2. The Definition of Humanitarian Intervention
Humanitarian intervention has gained popularity in the international community as a term used to justify the use of military force by one or more states across borders without the permission of the state in question [5]. It has been cited as the legal justification for UK and US no-fly zones in Iraq [6] and NATO's intervention in Kosovo [7]. It is typically employed in situations of extreme humanitarian violations, such as large-scale genocide, where immediate action is necessary [8]. It is important to note that the use of force in humanitarian intervention should only be considered when there are no feasible alternatives, and when the force used is necessary and proportional [8]. Despite broad acceptance of humanitarian intervention by the international community, it is still considered illegal or lacking in legality under the UN Charter.
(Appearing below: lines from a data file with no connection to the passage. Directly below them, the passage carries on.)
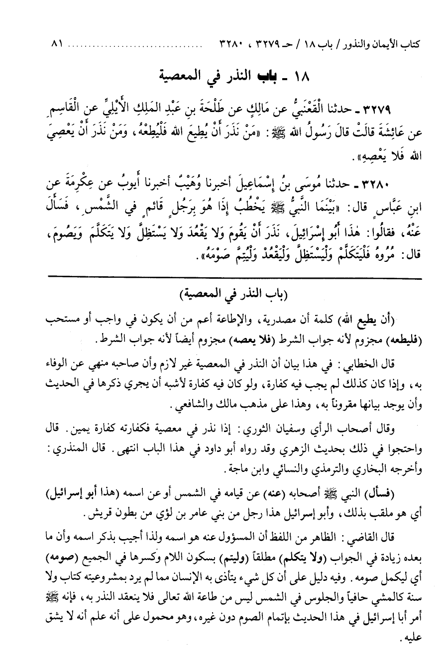 18 - (باب النَّذْرِ فِي الْمَعْصِيَةِ)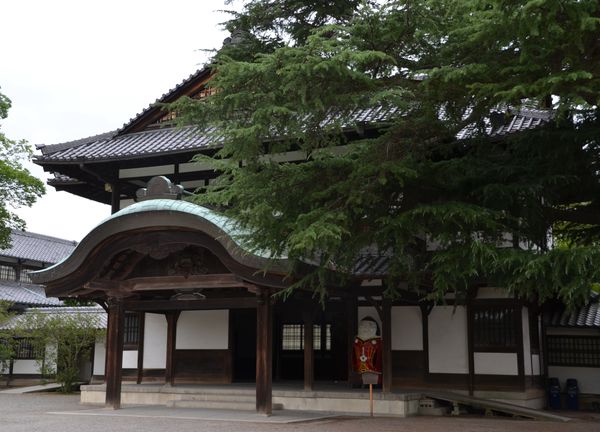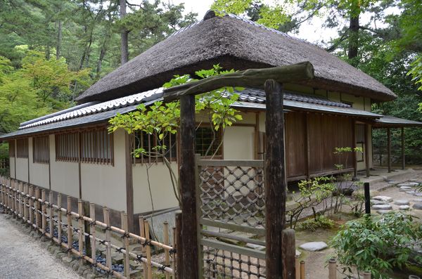 Il faut compter deux heures pour apprécier l'ensemble du site mais il existe également des parcours de soixante minutes (balisés comme tels). Il faudra compter un peu plus de temps si l'envie vous prend de faire une halte dans l'une des maisons de thé qui se trouvent dans le parc de Ritsurin, comme par exemple celle de Higurashi-tei (en photo ci-dessous), loge à thé de style Soan, qui fut construite en 1898 avec un superbe toit de chaume. Ou bien la loge à thé  Kikugetsu-tei qui fut jadis le lieu préféré des seigneurs locaux et qui est équipée de multiples pièces donnant sur le bassin sud. A l'intérieur du parc se trouvent aussi le nouveau Fuji (appelé aussi Fuyoho Shinfuji, troisième photo ci-dessous) et le vieux Fuji (surnommé Hiraino ou Kofuji, quatrième photo).Ces points élevés permettent aux promeneurs de profiter successivement d'une vue imprenable sur le Mont Shiun au loin et le pont Bairin-Kyo, puis sur le bassin sud et le pont Engetsu-Kyo. Soraya et moi terminerons notre promenade en passant devant le Hall pour la promotion du commerce et de l'industrie (cinquième photo): Bâti en 1899, il y a plus de cent ans, l'endroit servit d'abord de musée préfectoral de Kagawa pour devenir de nos jours le présent hall d'exposition pour de nombreux produits de Kagawa, à commencer par les produits laqués traditionnels qui sont présentés puis mis en vente (avec des démonstrations offertes les samedis, dimanches et jours fériés).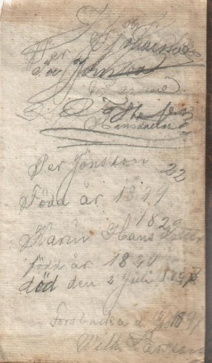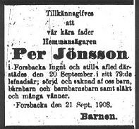 Pehr Jönsson son till Jöns Persson f 30/9 1829 i Valbo(X) Vigd Döpt vid 29 års ålder Död 20/9 1908 av ålderdomssvaghet |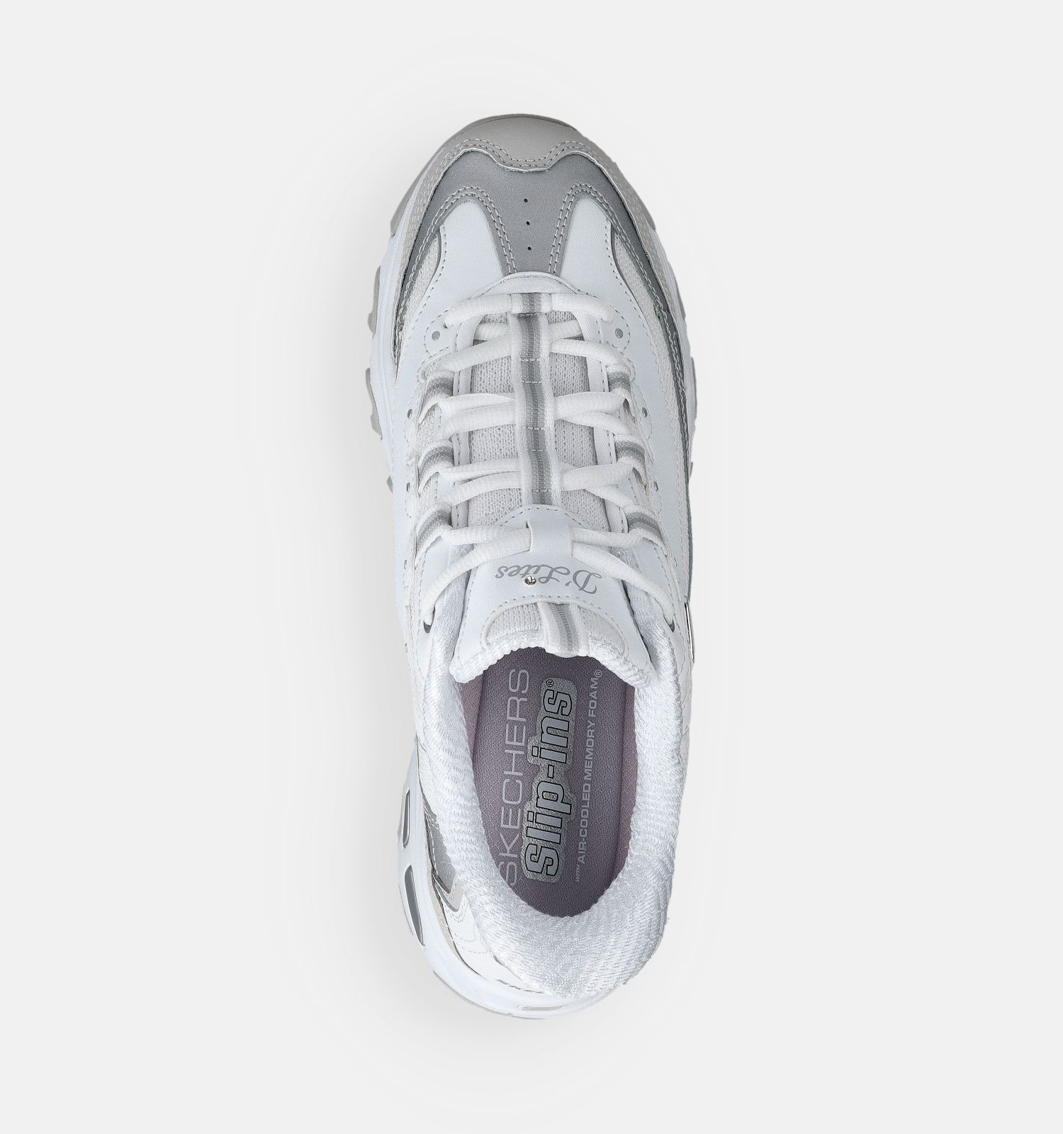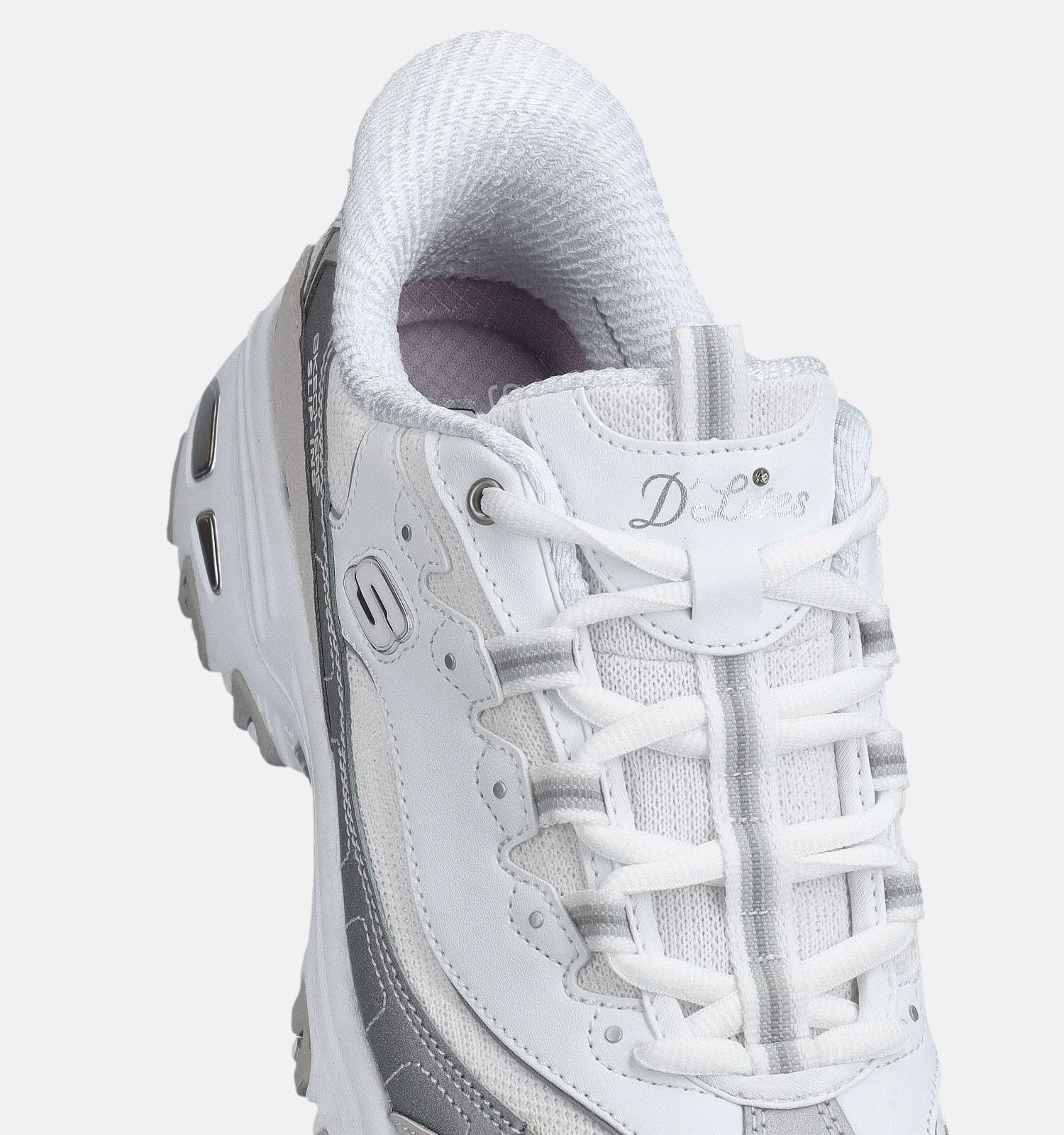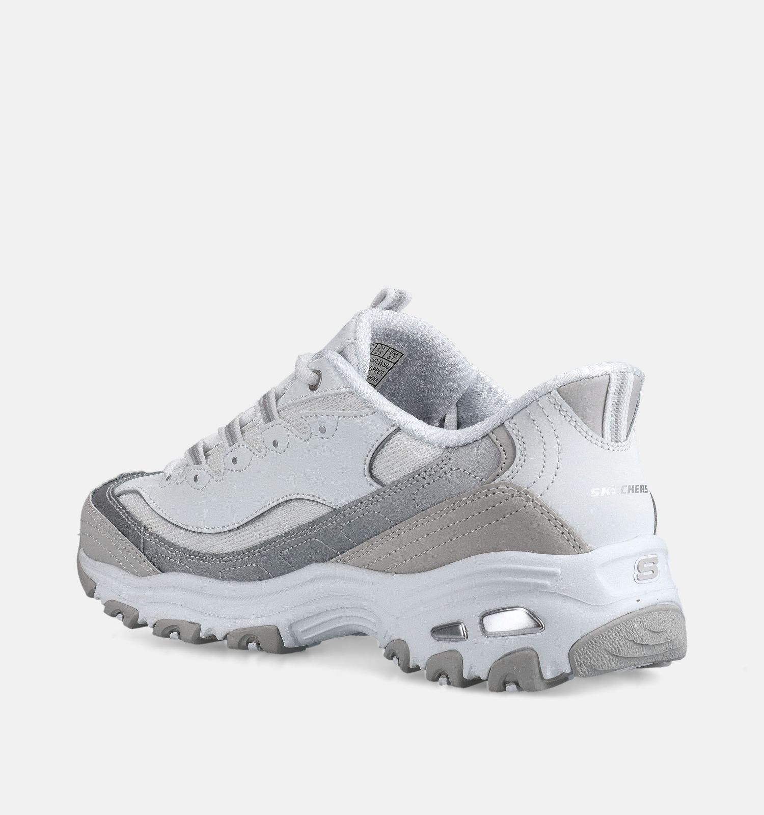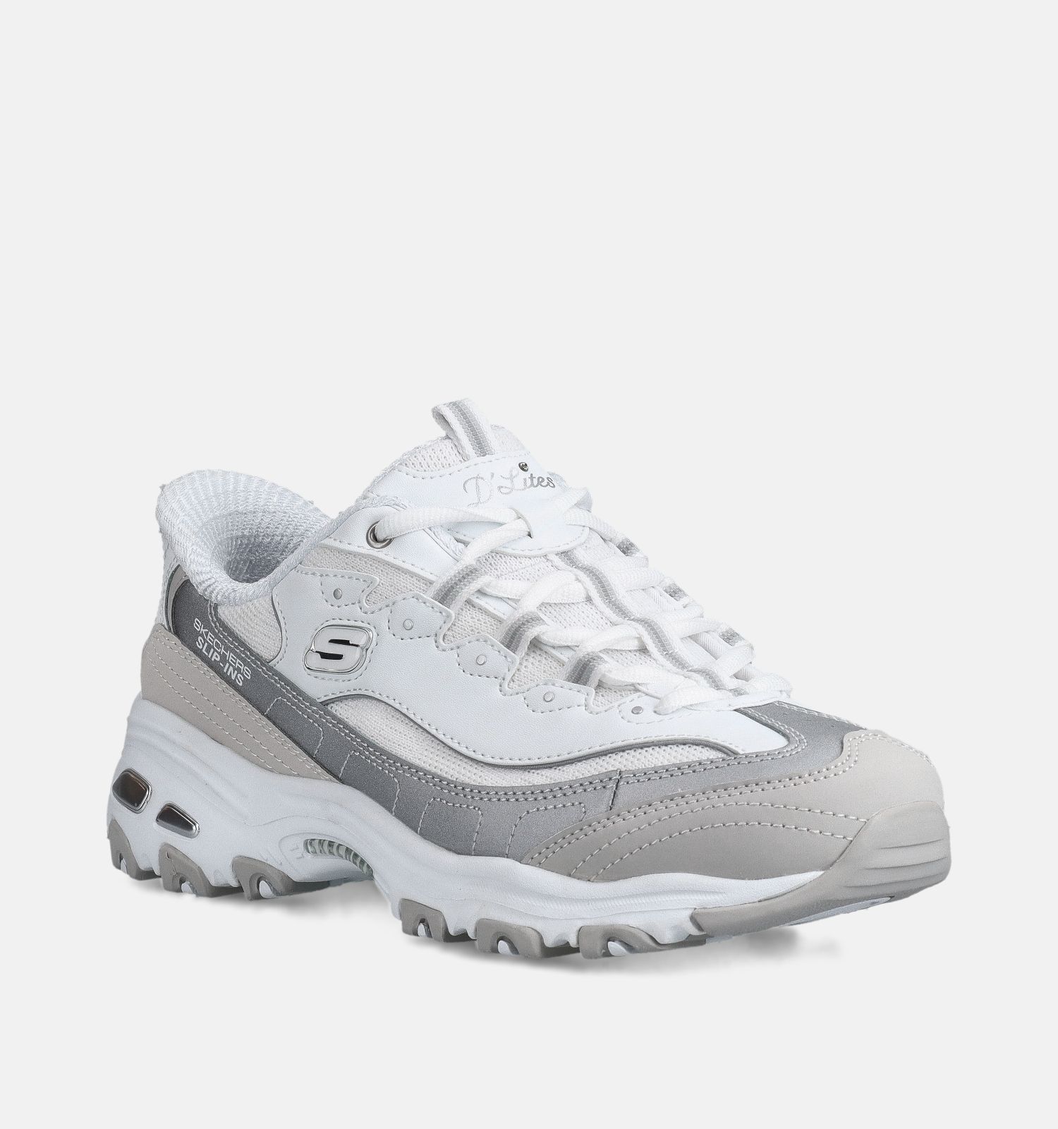 Belangrijk om te weten naar onderhoud toe: deze Skechers sneakers voor dames zijn vervaardigd uit stof binnenin, met versterkt kunstleer, leer, stof aan de buitenkant. Dit witte exemplaar heeft een vetersluiting.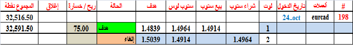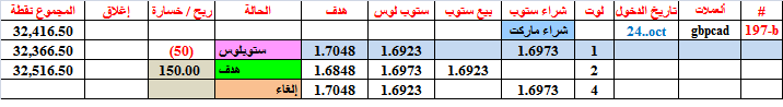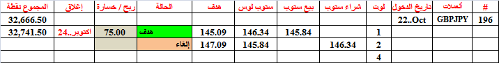 اصابت الصفقة 196 (بوند - ين ) هدفها عند بيع 1لوت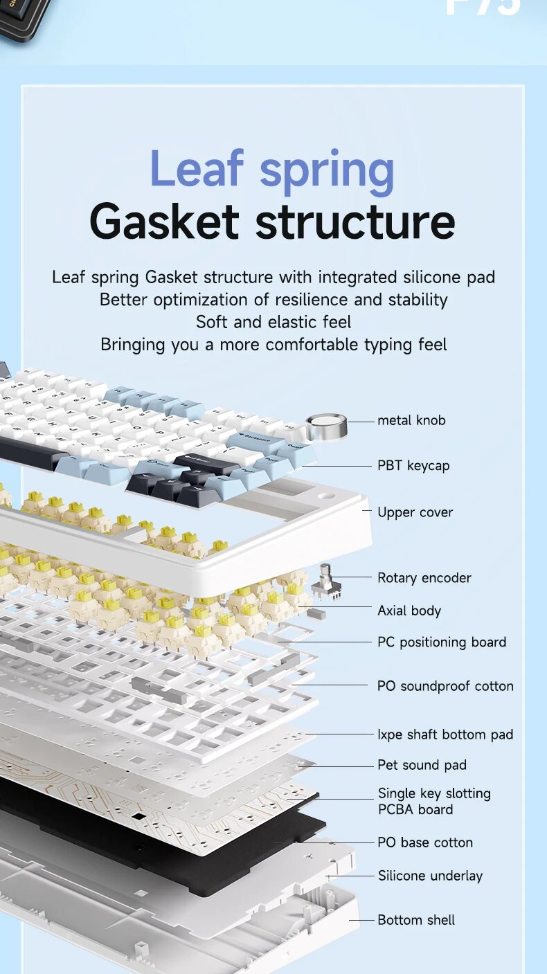 Беспроводная AULA F75 механическая клавиатура, 75% , с пятислойной прокладкой, Bluetooth / 2.4GHz / USB - C

Normally, it happened when UN lack or struggles to take action when a government commits genocide against its own citizens. Since it is without the permission of the Security Council, such intervention is seen as interfering with the authority of another state and is prohibited under the UN Charter. However, humanitarian intervention initiated by NATO has been recognized as legitimate when they intervene to protect human rights and save lives [9].
Kofi Annan, in his 2000 Millennium Report, challenged member states to find common ground in defending the principles of the UN Charter and in defense of humanity [1]. He stated that “if humanitarian intervention is, indeed, an unacceptable assault on sovereignty, how should we respond to Rwanda, to a Srebrenica, to gross and systematic violation of human rights that offend every precept of our common humanity?” [1].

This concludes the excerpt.